夜色已深,白沙禪室灯火微弱,四周寂静无声。
明诗酒独自坐在石阶上,吹著凉风,仰望繁星。
少女应该是刚刚沐浴完不久,身著单薄春衫,髮丝犹带湿意,脸上泛著健康的红晕,看著便能令人心生喜爱。
她的身旁放著一卷借来的经书,却无半点心思去读,任由夜风翻,只在想白天发生的那些变故,在想林彻到底是个什么人。
“不沉默,不避讳,不阴鬱,且有閒话。”
明诗酒自言自语道:“被我乱开玩笑也无所谓,气定神閒……只凭一张脸就能让那群刺客放弃动手,但偏偏就因为一个小孩子的话就改变自己的主意,说假未免太假,说真又太儿戏。”
少女抿住薄唇,仰起头,让月光晒亮紧蹙的眉心。
“搞不懂,真是莫名其妙。
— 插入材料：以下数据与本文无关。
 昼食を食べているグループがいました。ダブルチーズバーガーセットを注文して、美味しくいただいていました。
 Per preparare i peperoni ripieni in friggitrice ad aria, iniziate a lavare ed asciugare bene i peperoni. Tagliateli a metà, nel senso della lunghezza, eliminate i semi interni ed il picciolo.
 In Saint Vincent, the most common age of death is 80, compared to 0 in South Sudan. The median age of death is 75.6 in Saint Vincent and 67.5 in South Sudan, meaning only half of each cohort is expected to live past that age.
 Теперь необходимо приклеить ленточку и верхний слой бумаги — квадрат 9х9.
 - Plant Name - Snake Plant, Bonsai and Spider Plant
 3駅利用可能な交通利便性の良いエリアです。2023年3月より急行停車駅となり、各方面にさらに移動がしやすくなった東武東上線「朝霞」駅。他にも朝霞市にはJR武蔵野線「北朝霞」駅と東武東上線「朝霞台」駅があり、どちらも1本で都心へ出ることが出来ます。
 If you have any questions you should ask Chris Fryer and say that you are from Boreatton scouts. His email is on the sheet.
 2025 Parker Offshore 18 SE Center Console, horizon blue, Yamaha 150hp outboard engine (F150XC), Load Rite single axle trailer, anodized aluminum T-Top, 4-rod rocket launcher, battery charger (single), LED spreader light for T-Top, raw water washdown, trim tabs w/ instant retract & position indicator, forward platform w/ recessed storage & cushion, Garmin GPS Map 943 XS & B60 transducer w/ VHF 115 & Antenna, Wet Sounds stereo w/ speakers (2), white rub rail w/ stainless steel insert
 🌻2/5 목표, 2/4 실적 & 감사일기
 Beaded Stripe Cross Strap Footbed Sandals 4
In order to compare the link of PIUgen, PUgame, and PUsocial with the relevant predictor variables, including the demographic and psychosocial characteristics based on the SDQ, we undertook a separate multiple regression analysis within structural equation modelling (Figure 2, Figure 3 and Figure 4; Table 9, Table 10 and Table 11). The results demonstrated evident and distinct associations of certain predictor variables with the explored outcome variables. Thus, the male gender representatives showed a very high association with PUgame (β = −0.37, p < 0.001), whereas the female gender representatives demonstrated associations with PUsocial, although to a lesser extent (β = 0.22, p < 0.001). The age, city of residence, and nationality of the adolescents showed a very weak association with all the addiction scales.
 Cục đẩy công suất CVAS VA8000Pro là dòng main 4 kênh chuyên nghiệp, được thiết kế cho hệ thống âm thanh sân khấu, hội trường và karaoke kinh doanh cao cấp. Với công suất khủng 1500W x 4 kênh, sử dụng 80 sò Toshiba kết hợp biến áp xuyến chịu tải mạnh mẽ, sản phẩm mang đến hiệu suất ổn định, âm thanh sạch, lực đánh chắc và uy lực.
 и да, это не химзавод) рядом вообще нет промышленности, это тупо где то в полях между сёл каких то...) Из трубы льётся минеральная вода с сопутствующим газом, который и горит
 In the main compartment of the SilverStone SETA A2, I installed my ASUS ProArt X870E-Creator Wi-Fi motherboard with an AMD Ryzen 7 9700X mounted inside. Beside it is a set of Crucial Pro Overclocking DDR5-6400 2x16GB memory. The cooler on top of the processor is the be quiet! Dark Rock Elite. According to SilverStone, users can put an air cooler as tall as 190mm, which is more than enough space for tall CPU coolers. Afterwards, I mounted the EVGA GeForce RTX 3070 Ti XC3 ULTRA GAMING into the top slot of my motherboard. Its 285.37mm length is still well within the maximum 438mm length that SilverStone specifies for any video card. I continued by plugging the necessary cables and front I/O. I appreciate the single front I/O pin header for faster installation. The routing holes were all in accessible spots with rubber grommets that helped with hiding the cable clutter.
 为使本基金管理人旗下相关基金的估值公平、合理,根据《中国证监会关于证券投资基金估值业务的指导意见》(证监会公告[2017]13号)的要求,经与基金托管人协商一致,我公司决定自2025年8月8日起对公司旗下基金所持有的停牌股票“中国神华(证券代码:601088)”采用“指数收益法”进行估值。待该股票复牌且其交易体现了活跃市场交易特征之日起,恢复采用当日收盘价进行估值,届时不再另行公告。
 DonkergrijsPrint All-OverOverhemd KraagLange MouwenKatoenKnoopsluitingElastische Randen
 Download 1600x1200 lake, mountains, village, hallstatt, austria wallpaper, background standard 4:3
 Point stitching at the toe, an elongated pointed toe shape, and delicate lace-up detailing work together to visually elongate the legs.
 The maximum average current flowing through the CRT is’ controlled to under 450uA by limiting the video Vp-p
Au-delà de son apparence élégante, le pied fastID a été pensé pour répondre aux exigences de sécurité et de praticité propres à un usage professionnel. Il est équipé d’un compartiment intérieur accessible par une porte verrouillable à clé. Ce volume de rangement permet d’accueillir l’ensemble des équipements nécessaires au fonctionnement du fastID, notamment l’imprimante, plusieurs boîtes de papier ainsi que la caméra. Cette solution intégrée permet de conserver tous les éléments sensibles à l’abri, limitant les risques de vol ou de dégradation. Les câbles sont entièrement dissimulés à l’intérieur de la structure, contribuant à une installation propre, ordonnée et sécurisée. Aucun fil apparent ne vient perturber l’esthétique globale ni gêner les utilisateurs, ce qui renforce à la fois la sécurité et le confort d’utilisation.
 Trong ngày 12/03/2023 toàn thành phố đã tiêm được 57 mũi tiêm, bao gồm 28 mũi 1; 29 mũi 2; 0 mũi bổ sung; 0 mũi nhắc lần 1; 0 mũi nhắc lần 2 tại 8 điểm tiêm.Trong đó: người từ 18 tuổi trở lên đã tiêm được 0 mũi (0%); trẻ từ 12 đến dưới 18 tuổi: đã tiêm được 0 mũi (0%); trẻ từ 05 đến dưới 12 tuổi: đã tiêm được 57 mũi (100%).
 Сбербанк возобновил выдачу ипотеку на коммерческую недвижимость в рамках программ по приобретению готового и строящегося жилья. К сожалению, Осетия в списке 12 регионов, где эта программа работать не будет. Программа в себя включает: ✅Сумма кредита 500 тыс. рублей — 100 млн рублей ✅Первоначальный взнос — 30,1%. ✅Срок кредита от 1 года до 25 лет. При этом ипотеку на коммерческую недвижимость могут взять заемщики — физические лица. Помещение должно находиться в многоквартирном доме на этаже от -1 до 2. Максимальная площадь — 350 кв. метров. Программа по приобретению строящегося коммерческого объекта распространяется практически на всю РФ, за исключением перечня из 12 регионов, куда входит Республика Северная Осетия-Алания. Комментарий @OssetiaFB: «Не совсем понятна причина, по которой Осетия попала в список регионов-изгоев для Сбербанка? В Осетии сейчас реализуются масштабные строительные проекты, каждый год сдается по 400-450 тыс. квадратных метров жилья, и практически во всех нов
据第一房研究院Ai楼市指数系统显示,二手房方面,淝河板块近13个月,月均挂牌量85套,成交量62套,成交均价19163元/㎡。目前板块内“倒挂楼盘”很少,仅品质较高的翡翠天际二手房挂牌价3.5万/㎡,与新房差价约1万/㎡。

”
她在心里嘆了口气,双手撑住身后的石阶,扬起赤足往前踢了踢,权当是把烦心事给踹走。
半刻钟前,那封写下林彻诉求的书信已经被她亲手寄出,若无意外变故,最迟翌日清晨时分就能送抵中州,直上望月山。
明诗酒衷心希望一切顺利。
……
……
据世间传闻,自天庭崩塌后,中州望月山就是离天最近处,故而人间向来有月坠峰巔,见山不见月的说法。
临近天光破晓,望月山上依旧灯火通明,昼夜不息。
明瑟楼位於山中高处,有青树浓花与之相映成趣,其景幽而不寂。
自望月山立宗以来,这幢二层小楼出过將近十位掌教真人,是以门中弟子多以入主此楼为殊荣。
傅月衣从未曾以此自傲。
书桌后,未被脂粉修饰的顏容被灯光映出病癒后的微白,约莫二十五六岁的姑娘眼神静如止水,给人的感觉像是暴风雨来临前的海面,望之足以生惧,全然没有这年岁应有的清脆感。
此刻的她正在处理某些有关於望月山的俗事,从某种角度来说,这是继承掌门之位所必须要的磨练。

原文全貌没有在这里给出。